*Task objective*
If a line in the listing below includes the string "will", pull it out.

*Records for the task*
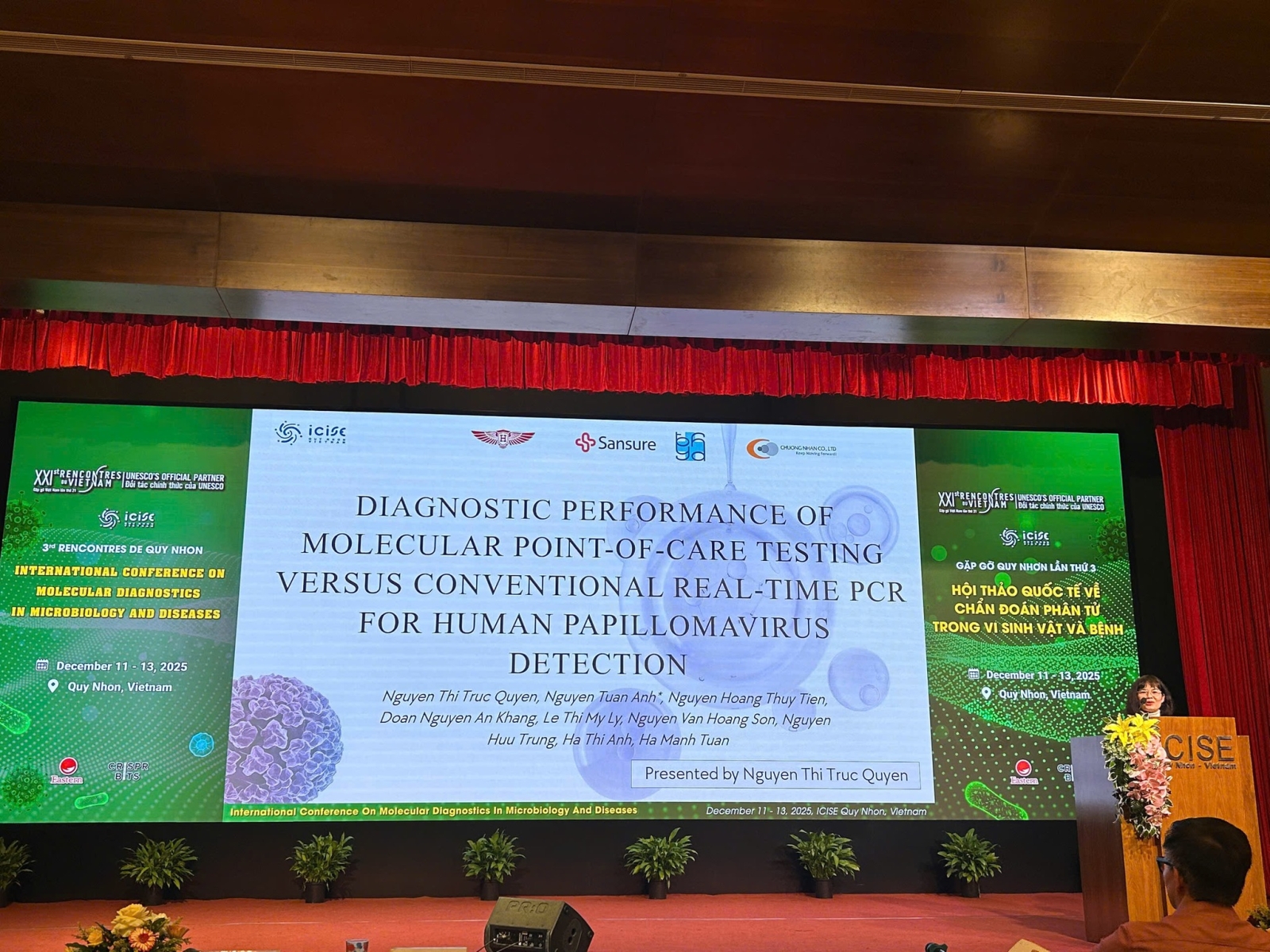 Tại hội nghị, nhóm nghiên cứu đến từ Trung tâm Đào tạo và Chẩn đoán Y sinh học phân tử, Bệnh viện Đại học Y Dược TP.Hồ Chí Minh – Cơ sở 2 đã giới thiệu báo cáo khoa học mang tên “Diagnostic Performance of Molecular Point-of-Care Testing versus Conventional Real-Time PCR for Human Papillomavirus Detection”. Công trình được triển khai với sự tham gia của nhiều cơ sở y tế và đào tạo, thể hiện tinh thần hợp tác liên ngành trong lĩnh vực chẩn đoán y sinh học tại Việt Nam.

--

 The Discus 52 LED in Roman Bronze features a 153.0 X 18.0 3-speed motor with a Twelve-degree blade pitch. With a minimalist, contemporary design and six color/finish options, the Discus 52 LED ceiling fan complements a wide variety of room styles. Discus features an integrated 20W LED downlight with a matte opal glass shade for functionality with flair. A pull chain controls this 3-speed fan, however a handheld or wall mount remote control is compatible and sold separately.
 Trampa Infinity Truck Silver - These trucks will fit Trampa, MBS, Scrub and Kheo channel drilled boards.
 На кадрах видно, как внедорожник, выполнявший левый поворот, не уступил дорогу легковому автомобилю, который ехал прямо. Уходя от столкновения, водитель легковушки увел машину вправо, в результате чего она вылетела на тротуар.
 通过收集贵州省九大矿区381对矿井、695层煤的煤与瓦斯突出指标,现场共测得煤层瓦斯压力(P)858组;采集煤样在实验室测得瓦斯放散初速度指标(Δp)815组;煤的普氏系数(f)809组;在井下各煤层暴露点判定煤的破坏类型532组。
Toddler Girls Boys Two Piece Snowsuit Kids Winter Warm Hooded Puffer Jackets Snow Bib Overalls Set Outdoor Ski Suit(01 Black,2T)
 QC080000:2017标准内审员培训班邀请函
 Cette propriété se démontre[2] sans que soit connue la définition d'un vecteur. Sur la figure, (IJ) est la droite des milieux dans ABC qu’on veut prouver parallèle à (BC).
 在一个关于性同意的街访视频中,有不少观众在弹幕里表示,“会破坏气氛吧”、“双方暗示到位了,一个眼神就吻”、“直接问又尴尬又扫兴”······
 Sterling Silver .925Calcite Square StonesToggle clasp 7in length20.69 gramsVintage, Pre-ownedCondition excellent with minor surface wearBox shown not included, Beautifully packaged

--

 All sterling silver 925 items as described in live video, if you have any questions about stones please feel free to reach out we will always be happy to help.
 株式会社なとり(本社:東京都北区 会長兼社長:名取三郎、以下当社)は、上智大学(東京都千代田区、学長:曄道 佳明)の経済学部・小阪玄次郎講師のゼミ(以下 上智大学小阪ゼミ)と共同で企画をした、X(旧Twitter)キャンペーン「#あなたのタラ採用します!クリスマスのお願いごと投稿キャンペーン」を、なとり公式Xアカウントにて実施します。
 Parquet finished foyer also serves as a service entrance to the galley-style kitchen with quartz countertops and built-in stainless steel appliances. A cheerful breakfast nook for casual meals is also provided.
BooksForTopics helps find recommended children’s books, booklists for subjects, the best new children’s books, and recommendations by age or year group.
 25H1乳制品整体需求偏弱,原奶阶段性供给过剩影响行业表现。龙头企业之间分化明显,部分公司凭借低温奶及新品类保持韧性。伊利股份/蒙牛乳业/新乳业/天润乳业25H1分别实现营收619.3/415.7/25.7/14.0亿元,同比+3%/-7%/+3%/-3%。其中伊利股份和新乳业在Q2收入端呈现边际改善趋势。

*Response*
 Trampa Infinity Truck Silver - These trucks will fit Trampa, MBS, Scrub and Kheo channel drilled boards.
 All sterling silver 925 items as described in live video, if you have any questions about stones please feel free to reach out we will always be happy to help.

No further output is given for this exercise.